Verser le lait en pluie sur le mélange en continuant à fouetter, puis remettre à cuire à 850 Watts pendant 1 min30.

Bien remuer, puis remettre encore 45 secondes de cuisson de plus (à adapter selon la texture de la crème et les micro ondes).

Laisser refroidir un peu la crème puis la filmer en posant bien le film directement au contact de l'aliment afin qu'elle ne forme pas une croûte désagréable en bouche.

Monter les 3 blancs en neige ferme au batteur électrique, puis les serrer en ajoutant le sucre en fin de battage.
Transvaser les blancs en neige dans un saladier, puis faire cuire à 750 Watts 3 fois 20 secondes. Réserver.

Enfin faire fondre le chocolat dans un ramequin au micro ondes 3 fois 20 secondes à 300 Watts, en mélangeant à chaque fois pour qu'il reste bien brillant.
Concasser grossièrement les pistaches au pilon (ou en les écrasant au rouleau à pâtisserie dans un sachet).
Puis disposer dans des coupes individuelles 1 louche et demie de crème anglaise au matcha, une quenelle ou 2 de blancs en neige.
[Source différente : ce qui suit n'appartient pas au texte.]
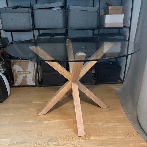 Bord med solid glasplade (uden ridser) og stabil ramme i bambus-/rottinglook.
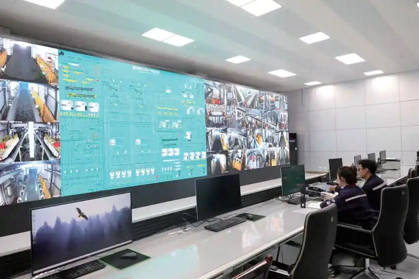 9月28日,在華亭煤業(yè)集團有限責任公司千萬噸智能化選煤廠生產調度指揮中心,兩名工作人員正密切察看設備運行情況。   該選煤廠是華煤集團踐行“碳達峰、碳中和”目標的煤炭清..

Verser le chocolat fondu à l'aide d'une petite cuillère, et saupoudrer de pistaches concassées.

 
Après c'est à l'appréciation de chacun, soit vous dégustez tout de suite avec avidité et peu de retenue, soit vous arrivez à faire preuve de maitrise de vous même en les laissant quelques heures au frigo, en attendant le prochain repas.
Auquel cas vous verserez au dernier moment le chocolat chaud et onctueux sur la crème délicatement rafraichissante...






Moi j'dis ça j'dis rien.
Bon je m'en vais essayer de retrouver le beurrier dentellière. Peu être qu'avec beaucoup de créativité, j'arriverai à faire du foie gras avec.